LUIZ GERALDO MAZZA - A suavidade do palavrão
Ruth Bolognese, desde ontem, deixou de escrever sua coluna em ''O Estado do Paraná''. Vítima de bala perdida, provavelmente do governo, como já ocorrera com o Pedro Ribeiro. Somos de uma profissão em extinção e quanto mais nos esforçarmos para sair da bitola estreita do conformismo mais riscos corremos. Outro dia o governador chamou a revista ''Época'' de ''canalha'' porque divulgou reações do mercado financeiro sobre as mexidas no pacto acionário da Sanepar. Que qualificativo caberia agora para dirigir ao autor e/ou autores desse vandalismo contra a inteligência exercida com elegância?
Lembro do gênio alemão, aquele que quase todos que estão no poder seguem, sem citá-lo, Joseph Goebels, e que doutrinou ''cada vez que me falam em cultura, sinto ganas de puxar o revólver''.
Da mesma maneira que o nosso governador se achou com o direito de usar uma frase forte, uma ofensa, para defender-se do que considera uma agressão a seus pontos de vista também os jornalistas se julgam em condições de valer-se de um palavrão para descomprimir-se e projetar o seu inconformismo diante do autor e/ou autores dessa baixaria. Fascistas!
BIZARRICE - O governo não tem recursos para botar professores na sala de aula e isso não se dá apenas nas universidades. Agora decidiu vetar o pagamento retroativo do Plano de Cargos e Salários dos professores e anunciou que o reajuste só sairá daqui a 45 dias. Se o governo não previu a situação que agora está criando é porque se mostra tão desarticulado quanto o federal.
AXIOMA - Produtores do Paraná calculam perdas de R$ 1,5 bilhão com a venda de soja com deságio (por deficiência) em Paranaguá. O prejuízo do deságio é bem maior do que o do pedágio, mas esse é o combatido, o outro esquecido.

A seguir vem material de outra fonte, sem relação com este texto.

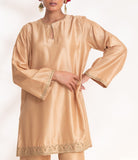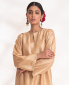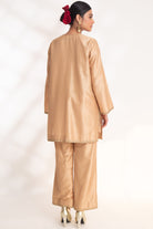 A Beige short kurta set paired with straight pants, embellished with intricate antique gold zardozi embroidery.
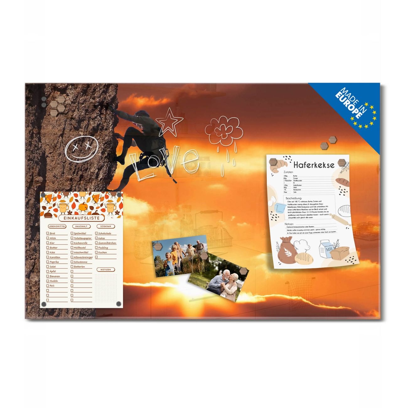 Material: 4mm Sicherheitsglas mit Metallrückwand Eigenschaften: beschreibbar, magnetisch, kratzfest Maße: 75x50x0,6cm, 5,63kg schwer Motiv Nummer 10117 Bergsteiger Zubehör: inklusive 4 Neodym-Magnete

GLOSA - Monstruoso mesmo seria a clonagem de políticos. Só em imaginá-lo isso já provoca pesadelos dignos de um filme do Zé do Caixão.
EPIGRAMA - Deputados da base governista e da oposição estariam dispostos à derrubada do veto do governador ao Plano de Cargos e Salários dos professores. Se o rejeitarem, o governador pode sustentar, de acordo com especialistas em Direito Constitucional, a sua posição na Justiça, já que só o Executivo é que tem a iniciativa em matéria de despesas. Mais um conflito e todos sabem que isso alimenta o estilo do governador.
FOLCLORE - No Brasil todos marcham: prefeitos, como se viu ontem, bingueiros, sem-terra, agricultores familiares, servidores públicos, aposentados, enfim a mais absoluta diversidade de representação. Os lobistas furam a fila e não precisam marchar. Enquanto marcham, o governo persiste catatônico, não se sabe se fingindo ou vivendo mesmo essa situação de estátua e paralisia.
VINHETA - Um governo supostamente de esquerda como o do PT na dependência de Antonio Carlos Magalhães e especialmente do José Sarney. Nada mais parecido com uma opereta bufa do que o exercício político no Brasil. De outro lado o ar revoltado do PSDB que no poder aprontou a mesma coisa.
CROMO - O balê do beija-flor sob ameaça da vespa cassumunga, o destino alado no peso e feiúra de um e na destreza do outro.
AFORÍSTICO - Não há genealogia que resista ao populismo da sífilis.
CONSOLO - Quem esperou tantos anos pelo Plano do magistério pode aguentar por mais 45 dias. Ou a moratória matou a esperança?
NEGÓCIO - A Consilux que aplica os pardais em Curitiba paga R$ 7 por unidade à Copel, que promete desativá-los, e ganha R$ 670 mil mensais.